Lynn made his Twenty20 International (T20I) debut against England in Hobart on 29 January 2014. He made 33 off 19 balls, including three sixes, but did not get to bat in his second game. Despite his reputation as a power hitter in domestic leagues, his international appearances were frequently curtailed by recurring shoulder injuries.

In January 2017, he was named in Australia One Day International (ODI) squad for their series against Pakistan, making his debut at the Brisbane Cricket Ground on 13 January 2017. Later that year, despite suffering a serious shoulder injury during the 2017 Indian Premier League, he completed a heavy rehabilitation program to maintain his selection for the 2017 Champions Trophy.

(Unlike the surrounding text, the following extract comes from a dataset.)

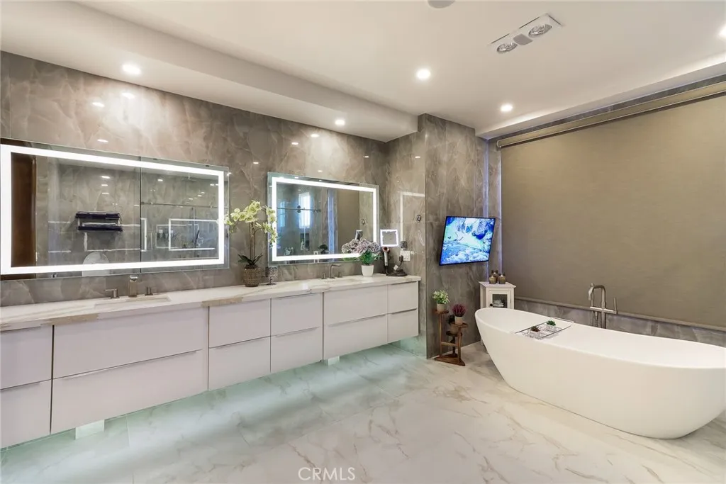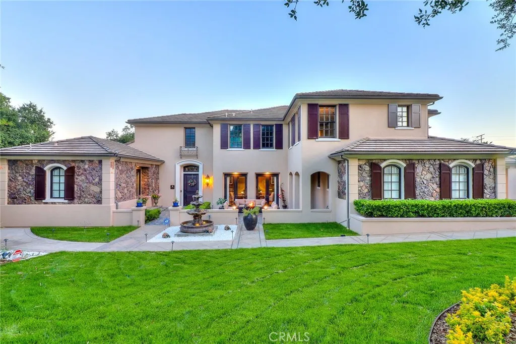 Welcome to luxury resort living in the exclusive guard-gated Anoakia community of Arcadia. This stunning estate offers 6 bedrooms (all ensuite), 1 office, 7 bathrooms, and a 3-car garage plus bonus room. The main level features two generously sized ensuite bedrooms plus a private office, ideal for multi-generational living or working from home. Upstairs, you’ll find three master suites and an exceptional Presidential Suite, all designed with elegance and privacy in mind. The front and backyard showcase brand-new water fountains and are finished with Castile Deva Acadia flooring, made in Spain. The home has been completely refreshed with brand-new exterior and interior paint, accented by gloss-finished stone, custom electric curtains, and a fully integrated advanced smart home system. Soaring ceilings and oversized windows flood the home with natural light. The formal dining room sits just off the hallway, highlighted by a crystal chandelier and oversized French doors, creating a picture-perfect space for gatherings. A pantry with Samsung wine cooler connects seamlessly to the dining room. French doors open to the front yard fountain, offering the perfect setting for afternoon tea with serene mountain views. The fully remodeled gourmet kitchen is a true showpiece, featuring top-of-the-line Viking commercial-grade appliances, Italian-made travertine flooring, quartz backsplash, Ruvati deep sink, and another crystal chandelier. An oversized quartz waterfall island anchors the space, surrounded by abundant custom cabinetry. Highlights include a Viking 7 Series range with teppan, grill, simmer burner, and Cool Lite LED lighting, a custom Decor smart refrigerator and freezer, Grohe pot filler and faucets, and a second kitchen area with a Viking single burner pot and wok station connecting to the breakfast nook. The completely remodeled Presidential Suite offers a private retreat. Enjoy a Kohler freestanding soaking tub, wall-mounted TV, expansive walk-in shower with custom frameless glass, TOTO Neorest bidet, and winter heat lamp. The suite also includes an attached office or nursery, makeup counter, spacious walk-in closet, and ultra-modern European cabinetry. Adjacent to the suite is a large office or second family room with custom built-ins. Additional features include a side-yard sport court, new concrete block walls, Rheem A/C systems, commercial-grade Culligan water system, smart sprinkler and drip systems with B-hyve, and more.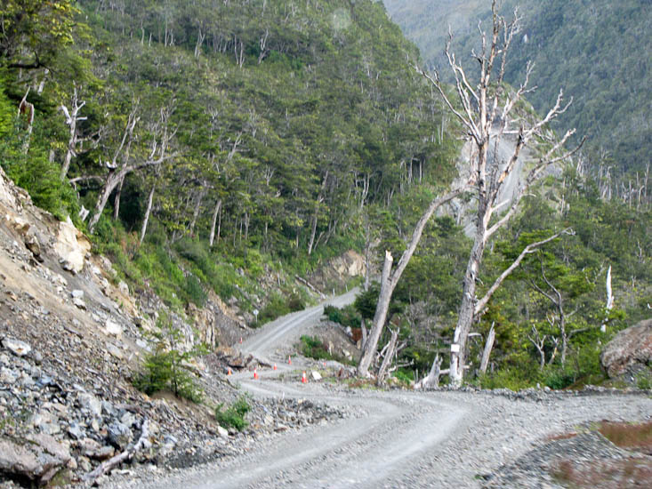 Before turning north we took a very narrow road to Bahia Bahamondez further south on the edge of Lago O'Higgins. The weather improved and produced some sun while we were on this road.

Lynn returned to the T20I side for the 2017-18 Trans-Tasman Tri-Series, where he played a key role in the top order, helping Australia to an undefeated run and the tournament title. He made final appearances for the national side in November 2018 during the home series against South Africa and India. In total, he represented Australia in 4 ODIs and 18 T20Is.

==Playing style==
Chris Lynn is a hard hitting batsman who is known for his extraordinary hitting and explosive power. He is able to consistently hit sixes over 90 metres. During a game in the Big Bash League, playing for the Brisbane Heat, Lynn hit a ball from former Australian fast bowler Shaun Tait onto the roof of The Gabba. Lynn set a new record with his explosive knock hitting 91 runs from 30 balls playing for Maratha Arabians against Abu Dhabi in T10 league.